Your output should be exactly the lines from the one containing "انفوجراف.. 13 شرط" through the final line of the records, both included, with every picture left out.
[[ DATA TO PROCESS open ]]
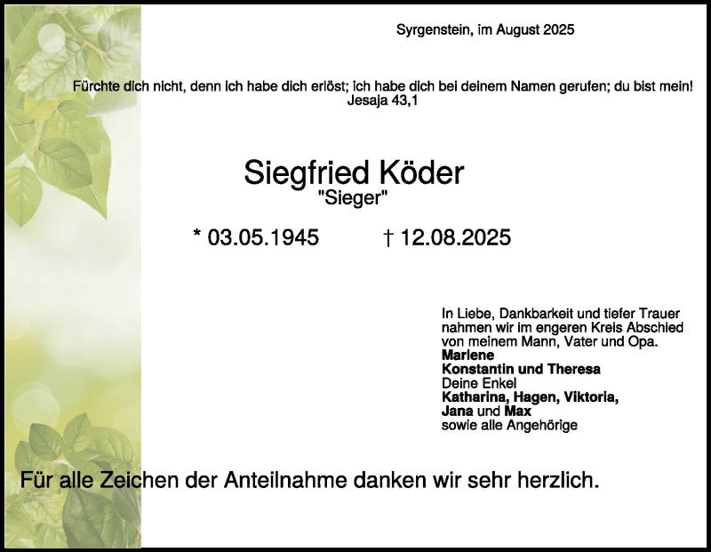 Hier finden Sie alle Traueranzeigen aus der Zeitung, die bisher für Siegfried Köder erschienen sind. Weitere Traueranzeigen, die in der Zeitung erscheinen, werden hier ebenfalls aufgelistet
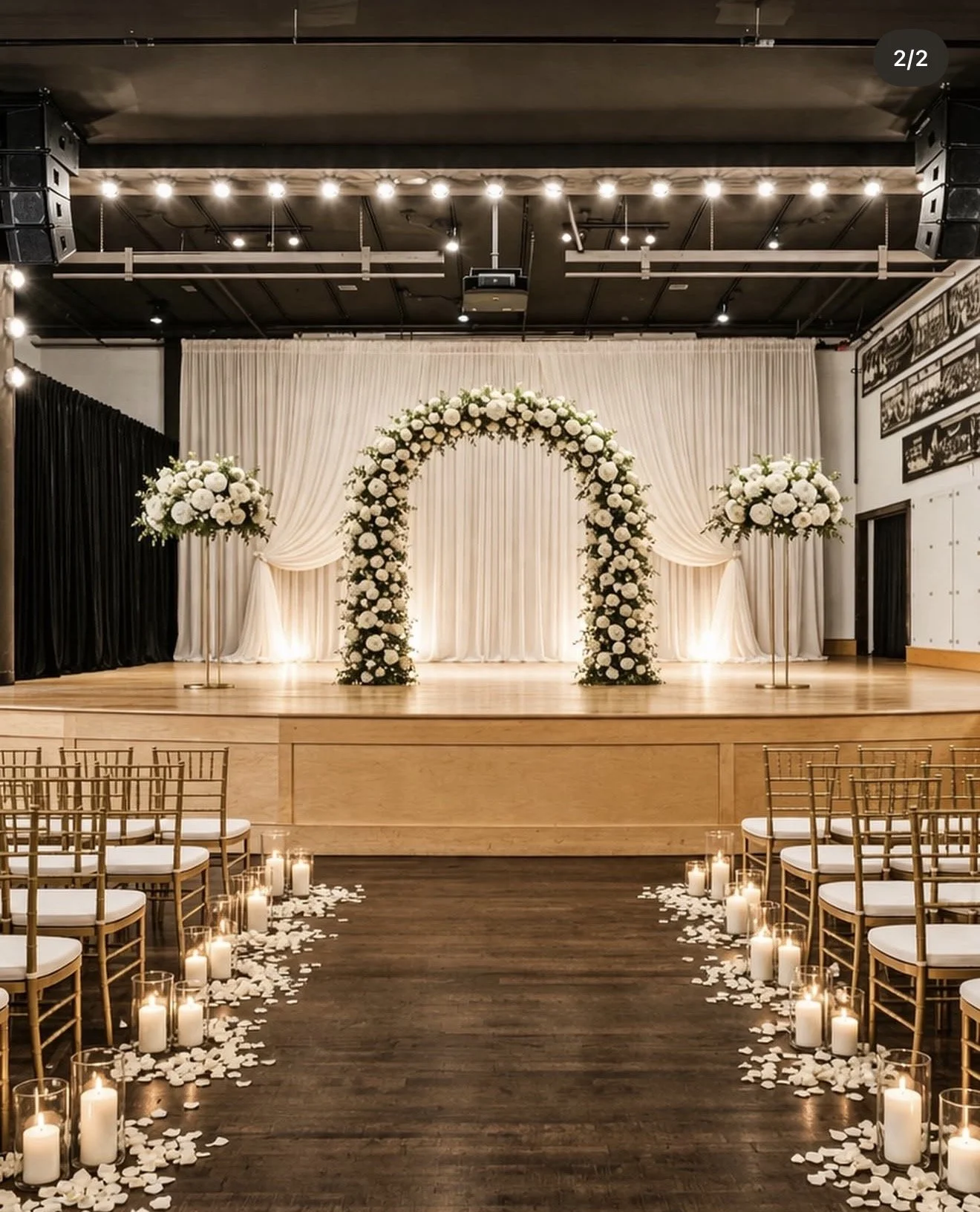 Guests seated in rows facing the built-in stage, arbor centered on the stage itself. The elevated platform gives the couple natural height and presence. The house lighting system frames the moment without needing additional uplighting.
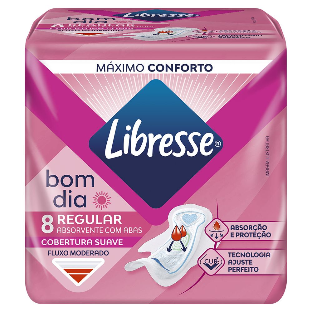 Absorvente Libresse Bom Dia Regular com Abas Suave 8 Unidades
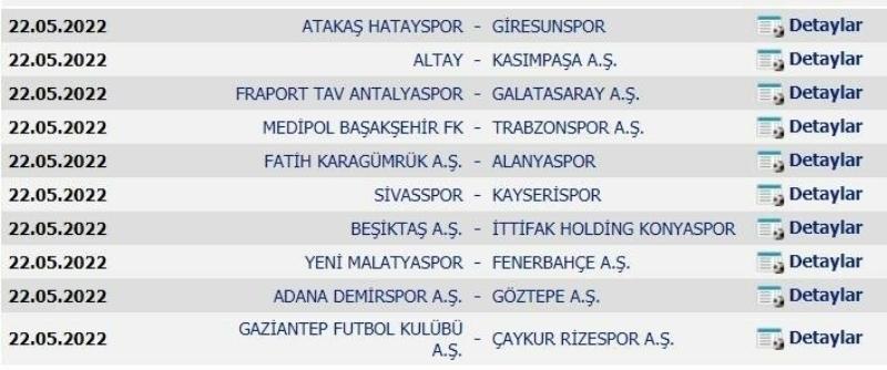Süper Lig'de 2021-2022 sezonu fikstürü, Türkiye Futbol Federasyonunu Riva'daki idari merkezinde yapılan kura çekimi ile belirlendi. Ligde yeni sezon 13 Ağustos'ta başlayacak ve 27 Aralık'ta ilk yarı sona erecek. 7 Ocak'ta ikinci yarısı başlayacak Süper Lig, 22 Mayıs'ta tamamlanacak. İşte Süper Lig'in 38 haftalık programı...
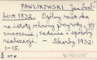PAWLIKOWSKI Jan Gwalbert 1932 Ogólny rzut oka na istotę ochrony przyrody, jej znaczenie, zadania i sposoby realizacji.
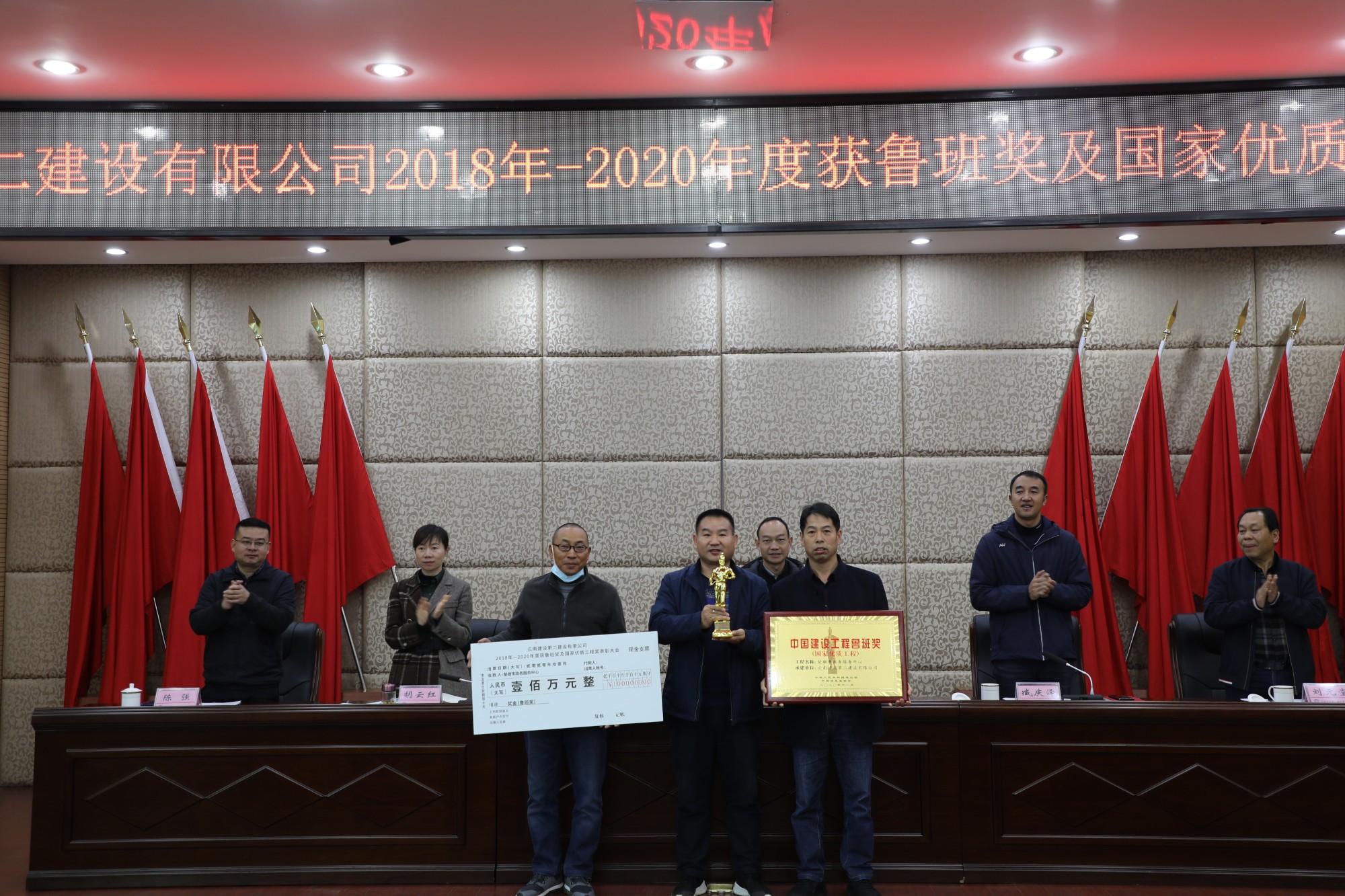 董学友代表公司领导班子对获奖的单位表示祝贺和感谢,并指出,“十三五”期间,公司在生产、经营管理工作保持良好发展势头的同时,质量创优工作稳步推进、精心组织、全面策划,不仅圆满完成了2018-2020年度制定的质量创优指标,质量创优奖项也再创历史新高,取得了可喜的成绩。公司2018-2020年共获得鲁班奖3项(云南海埂会议中心商务酒店、滇西应用技术大学总部建设项目一号云教育大楼、楚雄市政务服务中心)、国家优质工程奖3项(宜良文体商贸城、昆明滇池国际会展中心展馆及配套商业项目、昆明院科研实验大楼建设项目)。根据公司《技术质量管理手册》中《工程项目创优奖励制度》的规定及公司《关于2018-2020年度鲁班奖、国家优质工程奖的决定》。公司对获奖项目,和主要完成单位(第一直管部、第二直管部、第九直管部、第十三直管部、第十五直管部、第一安装分公司和第二安装分公司)进行表彰,对各获奖基层单位依照文件规定颁发相应的奖励。希望获奖单位戒骄戒躁,继续发扬工匠精神,为公司创建更多精品工程。
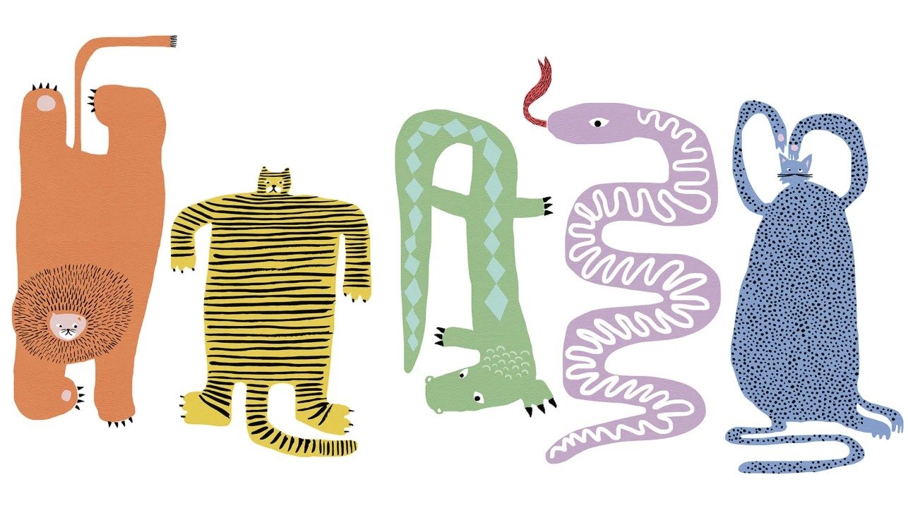Este vibrante fotomural presenta una interpretación contemporánea del safari con animales estilizados en formas geométricas: un león con melena radiante en naranja, un tigre a rayas amarillas, un cocodrilo en tonos verdes, una serpiente lila y un mono con puntos azules, todos sobre fondo blanco limpio.
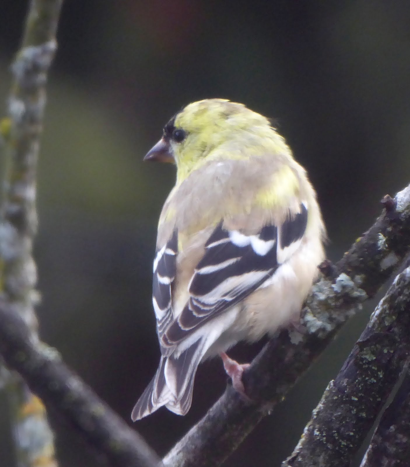 But when they molt, most of them don’t just drop their drawers and haul on a new outfit. It happens feather by feather: the old one gets pushed out, and the new one grows in. And so that nice even beige color of the male winter goldfinch goes spotty and mottly for a while before it’s finally all Hey-Baby yellow.
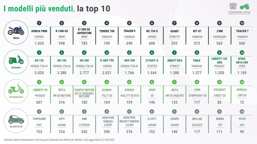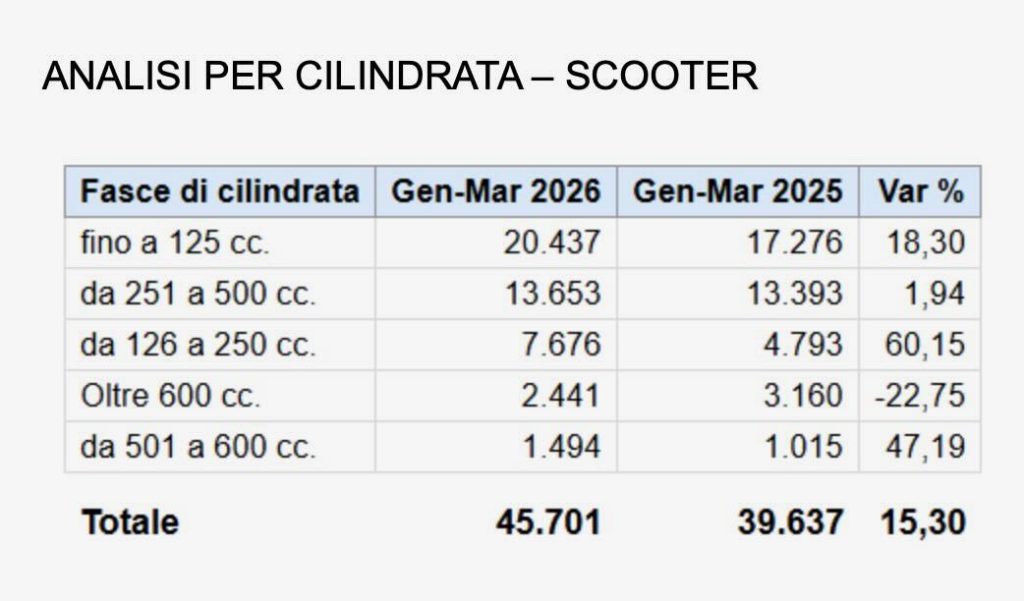 Il mercato delle due ruote a motore chiude il primo trimestre del 2026 con un bilancio positivo, trainato in particolare dagli scooter, contribuendo a consolidare un contesto complessivamente favorevole per il settore.
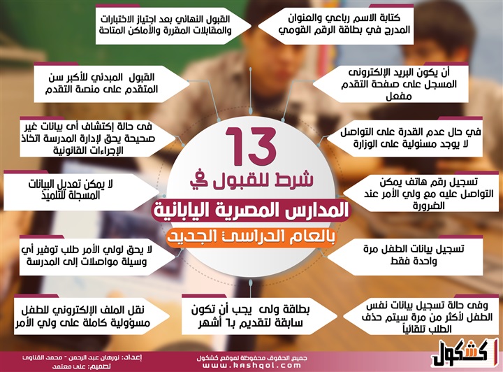 انفوجراف.. 13 شرط للقبول في المدارس المصرية اليابانية بالعام الدراسي الجديد
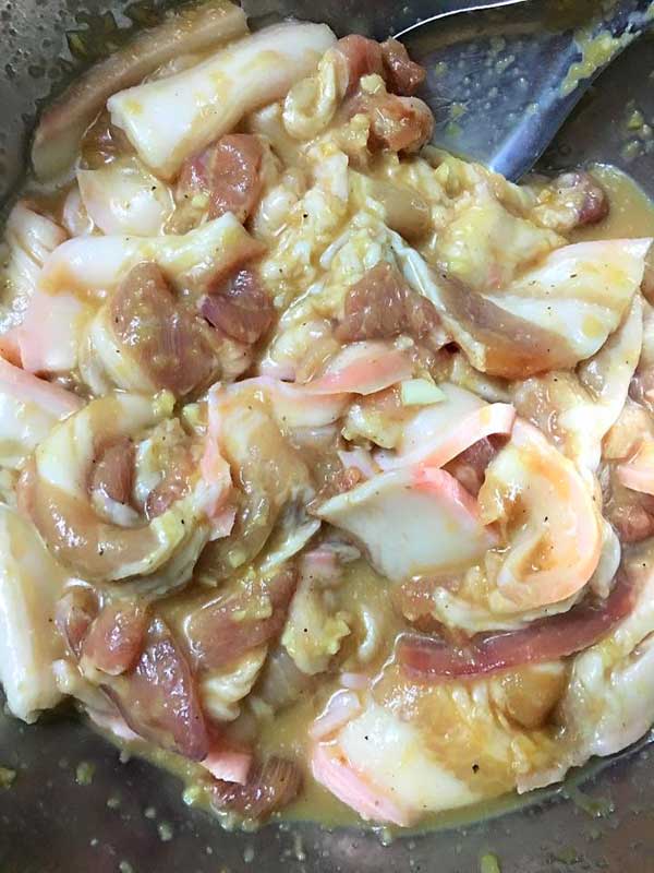 Cách ướp như sau, phần gia vị chia đều để ướp đủ phần chả và phần thịt: 2 thìa sữa ông thọ, 1 thìa hạt tiêu, nước cốt sả, 2 thìa cà phê đường, 1 thìa canh dầu hào (thìa ăn phở), 1 thìa canh nước mắm, 1 thìa cà phê mật ong.
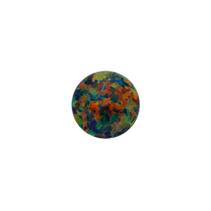 This simulated black opal cabochon features an attractive color and is ideal for a variety of designs. Created in a lab and stabilized with plastic, this gemstone should not be exposed to direct heat sources. Opal is one of the birthstones for October.Simulated opal is an economical alternative to natural opal, offering a durability that makes it easier to work with and expanding your creative options. It's ideal for jewelry designs that are subject to wear and tear, such as bracelets and rings.
[[ DATA TO PROCESS closed ]]
▶ YOUR SOLUTION:
 انفوجراف.. 13 شرط للقبول في المدارس المصرية اليابانية بالعام الدراسي الجديد
 Cách ướp như sau, phần gia vị chia đều để ướp đủ phần chả và phần thịt: 2 thìa sữa ông thọ, 1 thìa hạt tiêu, nước cốt sả, 2 thìa cà phê đường, 1 thìa canh dầu hào (thìa ăn phở), 1 thìa canh nước mắm, 1 thìa cà phê mật ong.
 This simulated black opal cabochon features an attractive color and is ideal for a variety of designs. Created in a lab and stabilized with plastic, this gemstone should not be exposed to direct heat sources. Opal is one of the birthstones for October.Simulated opal is an economical alternative to natural opal, offering a durability that makes it easier to work with and expanding your creative options. It's ideal for jewelry designs that are subject to wear and tear, such as bracelets and rings.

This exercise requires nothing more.